Energy ramped up considerably, to the point where the fights were verging on real, with myself finding it difficult to breathe in a couple of strangleholds, and I was also stabbed in the leg with a sword (left but a slight mark).

What this building energy resulted in for my acting was, surprisingly, that while I hit all my lines, specific words disappeared from my lips; I must have used at least 20 synonyms throughout the night, with lines switching from, for example, “What, shake you at that?” to “What, tremble you at that?”. But every scene was hit, and hit well.

It was also the first night we had ever used the lighting; we hadn’t been able to put them up for our rehearsals! But I naturally move to where the light strikes my face, so all was well there.

What really struck me (other than the sword) about the evening was my audience interactions. I must confess, I get such glee from acting as Iago and surprising audience members by, say, throwing them a cloak to hold, sitting down beside them and watching a scene, hiding amongst them, roaming behind their backs.

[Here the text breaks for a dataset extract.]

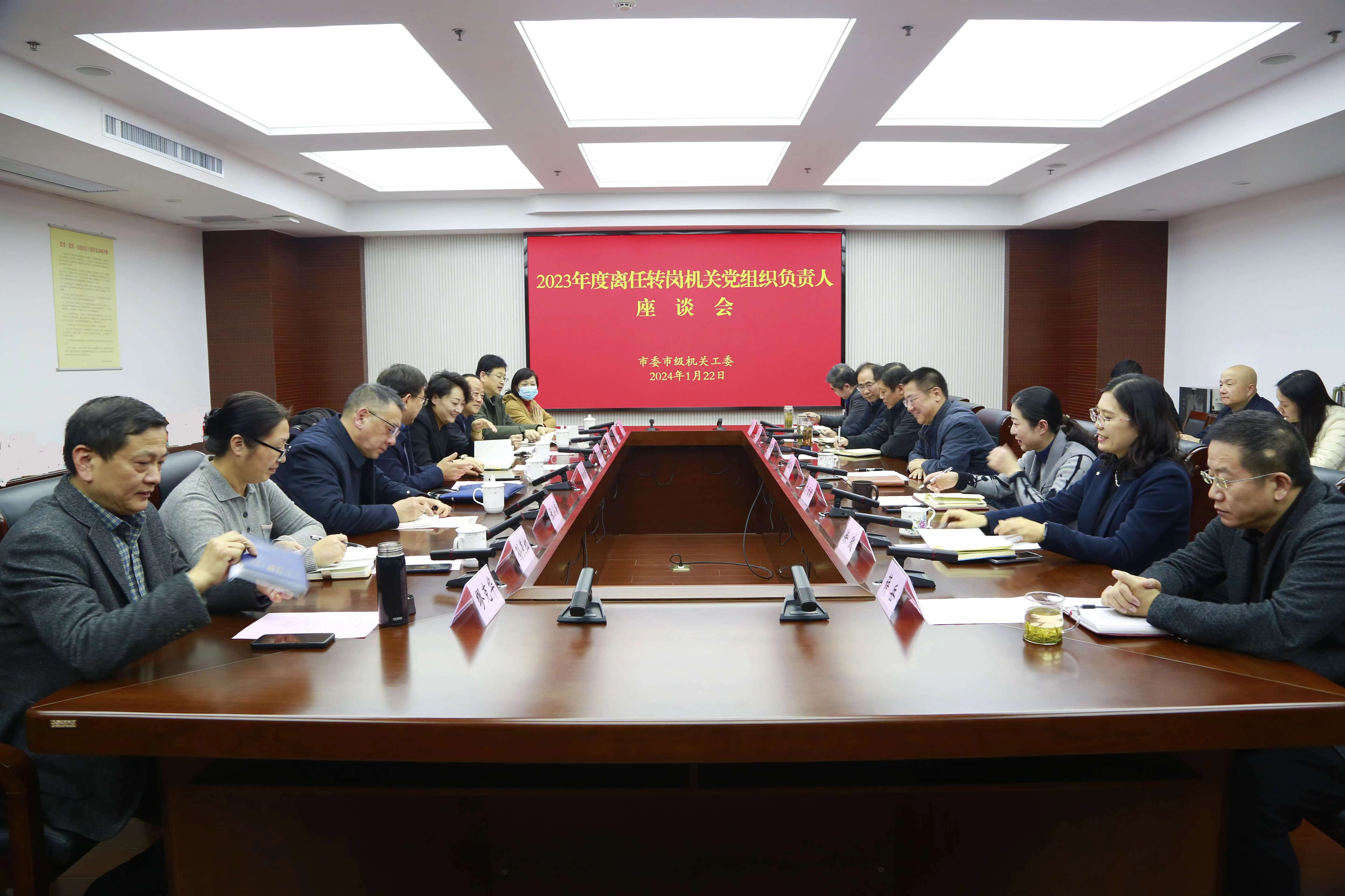 2024年1月22日下午,市委市级机关工委召开2023年度离任转岗机关党组织负责人座谈会,来自市委办公厅、市政府办公厅、市委编办、市检察院、市人社局等部门单位的离任转岗机关党组织书记、专职副书记代表齐聚一堂,分享从事机关党建工作的经验与感悟,为提高机关党建工作质效积极建言献策。市委市级机关工委常务副书记林其坤出席并讲话,工委领导班子成员和相关处室负责人参加会议。
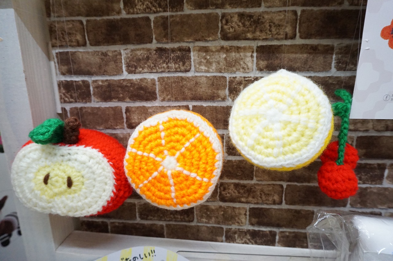フルーツ型のあみぐるみも展示中!各フルーツの輪切りに模したあみぐるみでお子さまとおままごとも楽しめますね♪

It fills me with a radiant energy that carries me for hours.

This isn’t all self-indulgent, of course; I find it helps a play immensely by creating the nervousness of an actively-listening audience, keeps them on their toes, knowing that more is possible here in this space than, say, sitting in a movie theatre. That at any time I might, heaven forbid, interact with them. GASP!

It also sets up the stage as being Iago’s territory. This is far more his play than anyone else’s, and he speaks directly to the audience a great deal, keeping them as confidants to his plans and ploys, as friends for his wicked jokes. It is only natural to extend that branch further.